Monday, June 25, 2007

Leadership Today and Yesterday

"His rhetoric was religious; he dissolved politics in a religious aura ... He promised deliverance and redemption, rebirth and salvation, even as he reviled the nation's enemies as godless and satanic; he did all that in the name of Providence, for he believed that Providence had selected him to deliver the people. In the beginning of his leadership, when he was still seeking to beguile his conservative allies, he appeared at his most devout. [At a mass meeting before his election] he was greeted with an incomparable storm of applause. Then he gave a far-ranging speech which roused all to a momentous pitch. At the end he began to pray, as it were, and concluded with the word 'amen.' Exactly the right mixture for his audience: Brutality, threats, great bragging about power and then again humility before the oft cited 'Almighty.' He declared after his election: 'the Almighty withdrew His blessings from our people' because they had forgotten 'the highest treasures of [the nation's] past, its honor and its freedom.'"
-- I've taken liberties with this quotation from Fritz Stern's Dreams and Delusions (page 145), by deleting the name of the man he was referring to and by including part of the text of a footnote on the same page in order to emphasize the parallels with today's crisis in global leadership. The "leader" referred to was of course Adolf Hitler.

Illegals in the US and the Jews of Germany

Are today's illegal immigrants playing the same role -- scapegoats -- that Jews were forced to play in pre-Nazi Germany? Certainly, in most respects there is no comarison: Jews were among the most educated and accomplished citizens of Germany: scholars, scientists and business leaders. Walter Rathenau, a successful Jewish businessman, was named foreign minister in 1921. Criticized by the Nazi party, he was assassinated by two right-wing army officers in June, 1922. The illegals, on the other hand, are poor and uneducated. They're here to do our dirty work; we squeeze them for some additional profit.

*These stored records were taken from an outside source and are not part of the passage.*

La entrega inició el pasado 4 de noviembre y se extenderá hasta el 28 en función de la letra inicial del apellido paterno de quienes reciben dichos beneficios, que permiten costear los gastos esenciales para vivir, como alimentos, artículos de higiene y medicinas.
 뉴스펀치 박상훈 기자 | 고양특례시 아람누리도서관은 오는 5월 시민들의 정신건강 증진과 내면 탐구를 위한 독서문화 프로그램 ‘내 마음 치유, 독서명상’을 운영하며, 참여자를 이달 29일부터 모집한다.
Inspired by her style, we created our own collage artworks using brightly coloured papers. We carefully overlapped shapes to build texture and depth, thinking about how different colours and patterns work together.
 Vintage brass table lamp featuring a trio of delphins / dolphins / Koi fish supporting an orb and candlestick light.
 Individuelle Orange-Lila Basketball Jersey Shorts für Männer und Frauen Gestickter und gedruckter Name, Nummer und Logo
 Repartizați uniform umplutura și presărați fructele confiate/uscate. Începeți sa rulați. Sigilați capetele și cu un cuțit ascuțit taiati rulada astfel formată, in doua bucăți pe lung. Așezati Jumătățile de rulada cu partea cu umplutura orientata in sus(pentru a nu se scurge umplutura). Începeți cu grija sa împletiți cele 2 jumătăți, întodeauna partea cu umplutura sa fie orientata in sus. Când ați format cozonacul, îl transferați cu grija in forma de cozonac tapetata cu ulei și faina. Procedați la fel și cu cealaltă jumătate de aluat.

But the public's view, it seems to me, is growing increasingly strident. On an internet news site yesterday I noticed 82% of those answering the poll called for a wall between the US and Mexico. Today's newspaper is filled with Republican outrage at the cost of providing health care to the children of illegal aliens. All this fear and hatred -- encouraged by our politicians -- is a terrible mistake. If the illegals are here so we can take economic advantage of them, why do we behave as if they are taking something from us? It is this widespread belief that strikes me as similar to what happened in Weimar. Jews put Germany on the map -- Albert Einstein, for example -- but were reviled and discriminated against. The Nazi's linked them to Communists in much the same way as our right-wing politicians link illegal Mexican immigrants to terrorists.